Mi madre me señaló la zona peligrosa, la más profunda y negra, donde nadie se atrevía a ir. Mi sorpresa fue mayúscula cuando me di cuenta de que esa zona rodeaba todo el centro del bosque. Se decía que allí vivían seres aterradores. Nadie los conocía, pero quien los había intentado ver, jamás regresó para contarlo. Alguna vez algún pájaro gris traía algún hueso perteneciente al curioso. Pero nunca el cuerpo entero.

lunes, 23 de mayo de 2011

La decisión

La silla se giró lentamente y ante mis ojos apareció la mujer más bella jamás vista. Parecía como un hada salida de alguno de los cuentos que había leído en la biblioteca. Tenía el cabello dorado y muy largo, una tez blanca y delicada, como la porcelana más fina, y, sus ojos parecían un profundo océano.
Se acercó a mí y empezó a desprender una intensa luz. Puso su mano sobre mi hombro y dio una vuelta a mi alrededor. Después se paró en seco y miró a mi padre.
-Después de estar ocultándolo tantos años- hizo una breve pausa para mirarme otra vez- no nos podemos arriesgar a que lo encuentren aquí-. dijo con su dulce voz.
-¿Qué estás proponiendo?- masculló mi padre con terror en los ojos.
-Debe irse de aquí- respondió la dama con calma.
-¿Irme?- pregunté confuso.
-Imposible, si se tiene que ir, me iré con él- dijo mi padre con firmeza.
-Se debe marchar solo y esconderse, si vas tu, se levantarán sospechas de que algo extraño pasa y todo nuestro esfuerzo habrá sido en vano- le replicó la dama a mi padre.
-Es un niño- contestó mi padre mientras una lágrima le resbalaba por la mejilla.
-Es el único que no es un niño, por eso debe huir, para salvarlos a todos....- concluyó la dama y con un giró sobre si misma desapareció, dejándonos a los dos sin palabras.

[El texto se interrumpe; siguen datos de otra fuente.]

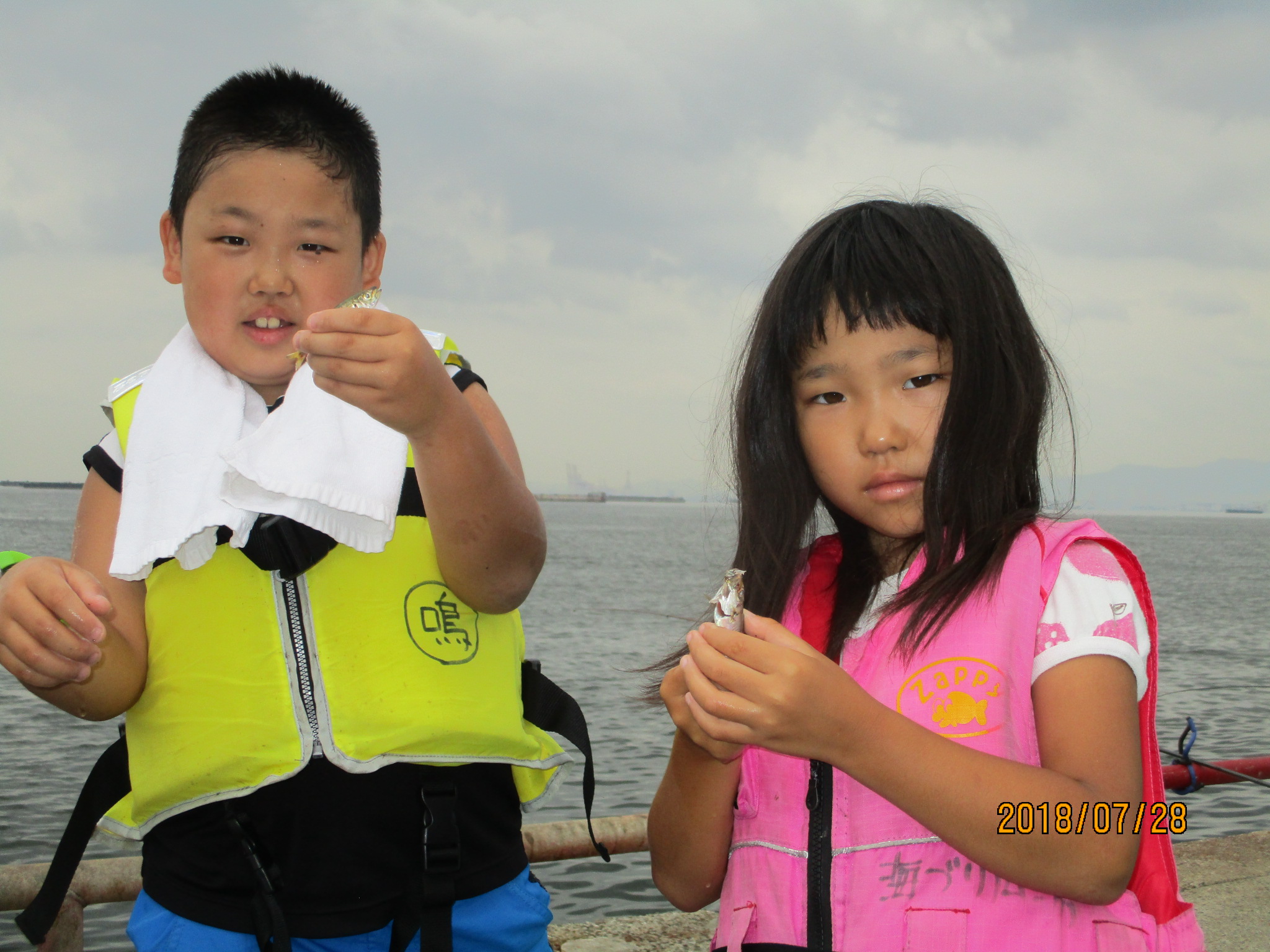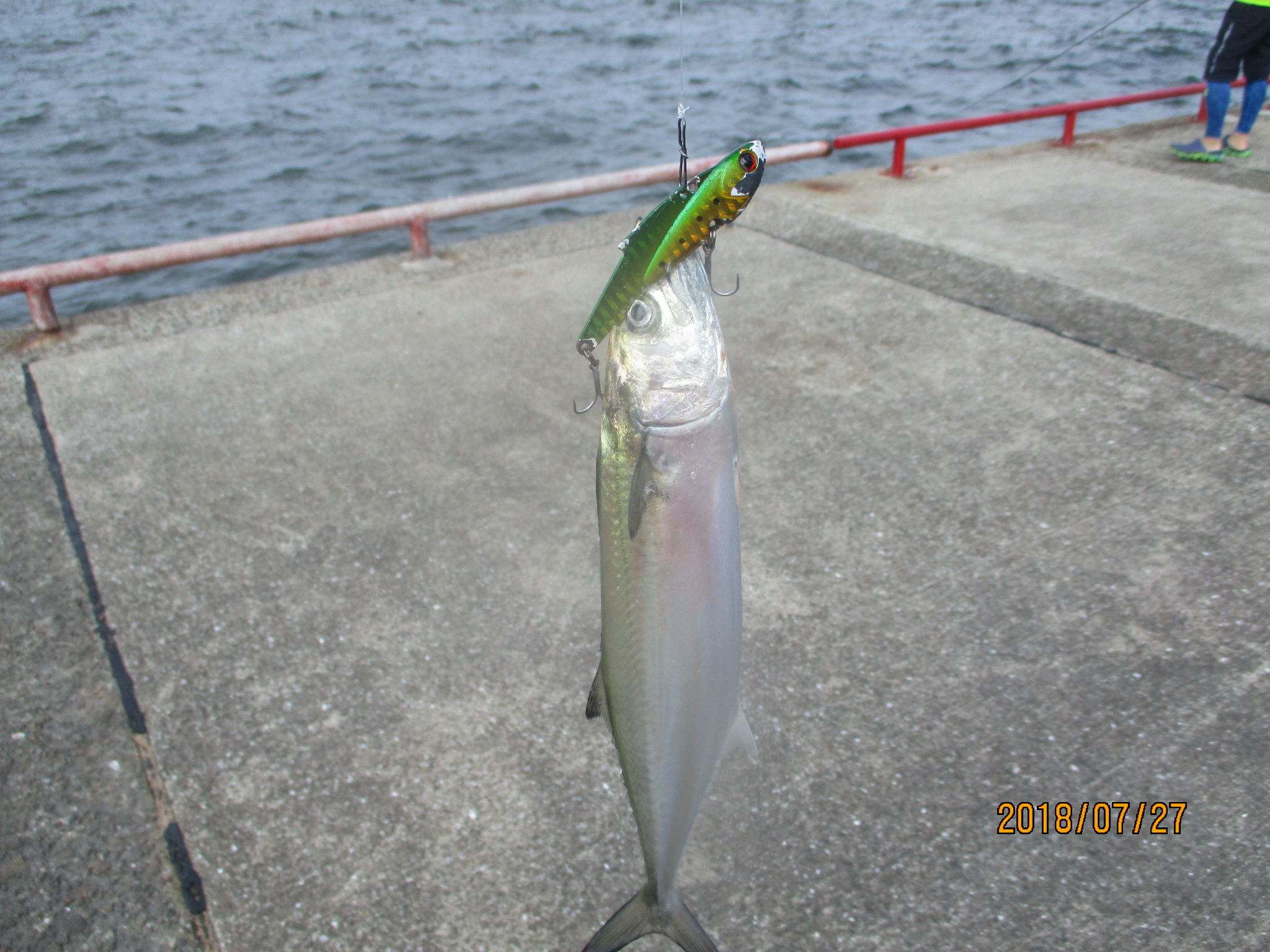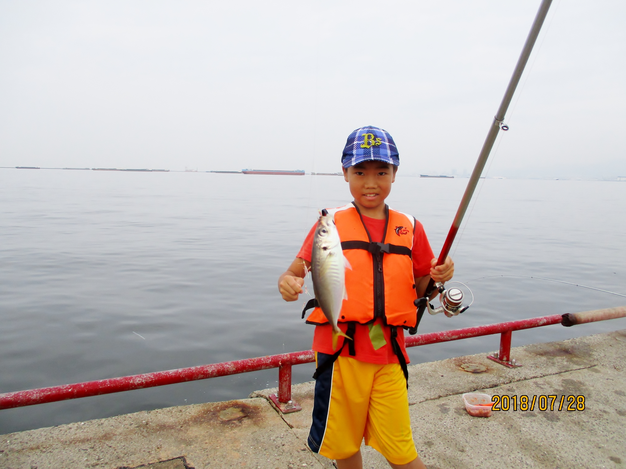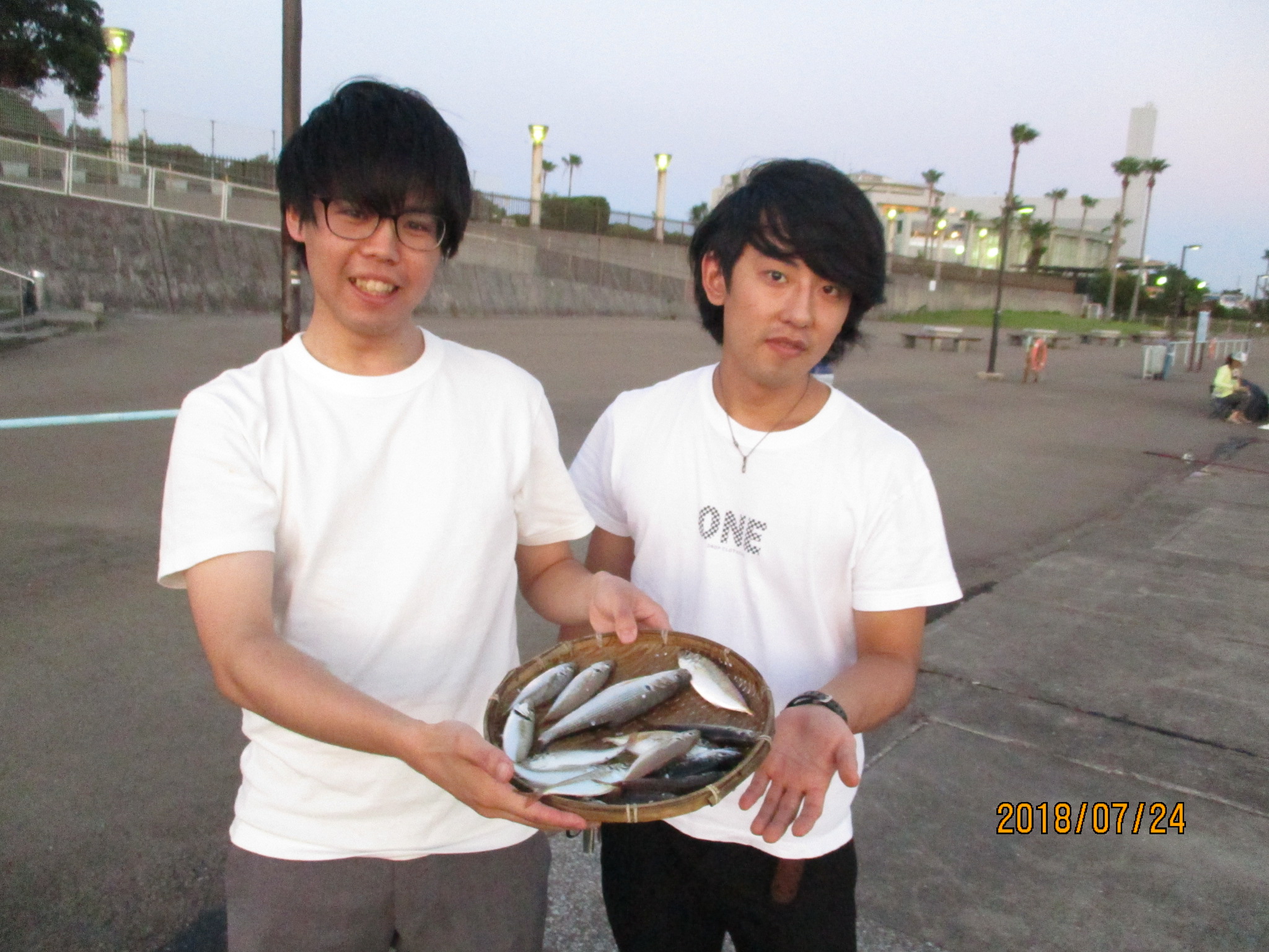 連日の猛暑の中、今朝は曇っていて気温も低めです。台風の影響なのでしょうか・・・?釣果の方も調子が良く、小アジがサビキ針に連で上がっていました。東側エビ撒き釣りで、セイゴ(小)・小チヌが先に食いついて来るみたいです。

jueves, 19 de mayo de 2011

El resplandor

Estuve encerrado en casa y en penumbra los dos días siguientes. Me sentía como en una jaula de oro donde no me faltaba de nada excepto libertad. Mi padre salía más que de costumbre, intentaba estar sereno pero, pequeños detalles delataban su nerviosismo. Por lo menos, mientras él no estaba, yo me sentaba en su despacho y devoraba los ejemplares de la biblioteca. Intentaba encontrar la razón de la oscuridad y la neblina de nuestro bosque. Algunos hablaban de la era anterior, donde todo eran colores y melodías, y otros hablaban de la era actual, de la oscuridad, de los sacrificios, de los maleficios y de los espíritus de la noche, pero ninguno de la transición.
Sin darme cuenta la noche llegó y mi padre todavía no aparecía. Fui a preguntar por él pero no obtuve respuesta. Tan solo deseaba que no le hubiese pasado nada, me sentía culpable por toda la inquietud que nos rodeaba.Cuando ya estaba preparándome para cenar oí la voz de mi padre en el despacho. No sabía como había llegado hasta allí pero me alegraba oír su voz. Pero no estaba solo, un leve susurro le contestaba.
Me acerqué para averiguar más, pero fui descubierto y me invitaron a entrar.
Mi padre estaba apoyado en el alfeizar de la ventana y la silla del despacho estaba dada la vuelta. Cuando me adentré un resplandor empezó a salir de la silla y un dulce canto envolvió la habitación.

lunes, 16 de mayo de 2011

A la luz de las llamas

En el camino de vuelta, vi una pequeña luz en una casa cercana. Me acerqué y me asomé a la ventana. Miré adentro con mucha cautela con miedo a ser descubierto. Cuando conseguí aclarar mi visión algo sorprendente ocurrió. Apareció la imagen de un niño pequeño jugando cerca de unas llamas. Hasta entonces yo creía que era el único humano. Esta visión cambiaba todos mis pensamientos, tenía que investigar más sobre el pueblo.
Miré a mi alrededor, el amanecer pronto llegaría, tenía que volver a casa antes que los demás se despertasen. Pensaba volver la noche siguiente...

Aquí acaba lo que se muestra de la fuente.